Dataset curation question: How specific should the "negative" class training samples be?

jgreenemi · February 26, 2018, 8:53am

Hey all! First-time poster, enjoying the lessons so far. TL;DR is in bold below.

I’m working on a sandbox project throughout the course to put the lesson material into practice as I’m learning it, which is working out well. However, it got me thinking about best practices when curating a dataset. Here’s the situation:

I’m collecting images for use in binary classification, where the algorithm is detecting if a person is wearing a particular article of clothing or not. The classes would then be “1: contains article” versus “0: does not contain article”. My question then is, what kind of training samples should I be using for the “does not contain article” set - images of people who are not wearing the clothing? Images of disembodied clothing that do not contain the article? Images of people, clothing, and other general photos, none of which contain the article? Should I simply populate the negatively-labeled training set with every photo I can get my hands on that does not feature the article of clothing?
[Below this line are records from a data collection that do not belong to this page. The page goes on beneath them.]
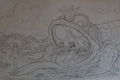 At this point in its development the drawing lost all meaning for me and I could not remember what the point was that I was trying to convey. The girl on the tip of the tongue, the first of her clan to step onto the shore of this new world, was to be bright yellow; her parents brown and bluish. The crown, or exit-wound, shape on the frog's head was to be a translating organ; frogs can only hear the croaks of their own species. There is a pendant drawing of equally delighted people being swept into the frog's mouth. But who wants to see that?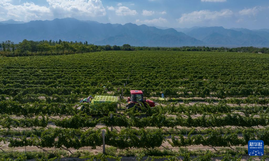 8月12日,采摘工在位于贺兰山东麓银川市西夏区的志辉源石酒庄采收酿酒葡萄(无人机照片)。 近日,宁夏贺兰山东麓葡萄酒产区迎来酿酒白葡萄采摘季,工人们紧抓农时,在葡萄园里采摘霞多丽白葡萄,田间地头一片繁忙的景象。 新华社记者 杨植森 摄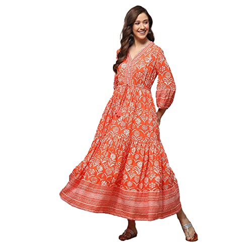 Radiate elegance in the BIBA Women's Dress, which combines style and comfort. Crafted from Rayon, this knee-length dress in a vivid Orange hue has a classic V-neck and 3/4 sleeves, offering a great balance of modern and traditional aesthetics. The floral design contributes to its beauty, and the weary fit gives it a modern touch. Made in India, this outfit reflects ethnic diversity and demonstrates a distinct sense of style. Elevate your wardrobe with this printed combination, suitable for a variety of events where elegance meets refinement.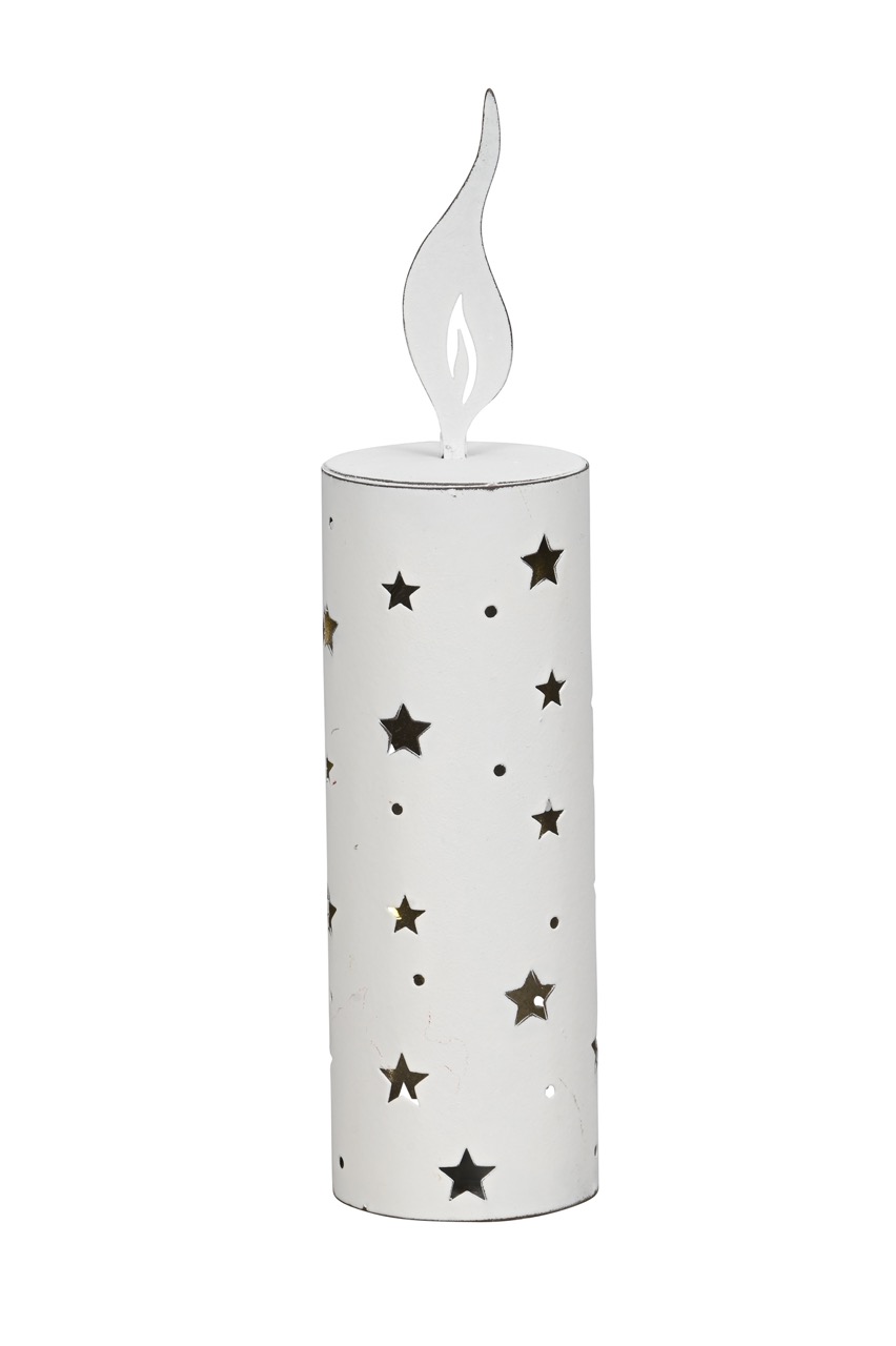 Bougie en Métal Blanc Délavé avec LED ø5xH22,5cm

Since we’re really just checking for the existence of that article of clothing in our dataset, it seems to me there’s value in doing the latter, as I’ll be exposing the algorithm to many photos of things that won’t include the article of clothing, which makes the algorithm more robust in being able to handle any kind of photo thrown at it. If I only gave it images of people and images of clothing, it won’t know how to handle an image of a car, with no people or clothing in it, which could result in the image being classified improperly if minute features of the car happen to be reminiscent of the article of clothing we’re looking for.

On the flipside, will this make the algorithm more likely to false-positive images that have other common features with the positively-labeled training set (i.e. since all our positive examples show at least some kind of clothing, will the algorithm be more prone to positively classifying any image with clothing in it)? To simplify, will I be training the algorithm to flag the wrong things by having such a general negative training set?

This is not something I have tested, since I’m finding it a little time consuming to collect samples for the dataset, and want to focus my time efficiently (not just try everything, but rather try what makes most sense). As such, I’d appreciate your insights and why you think the way you do about it. Thanks!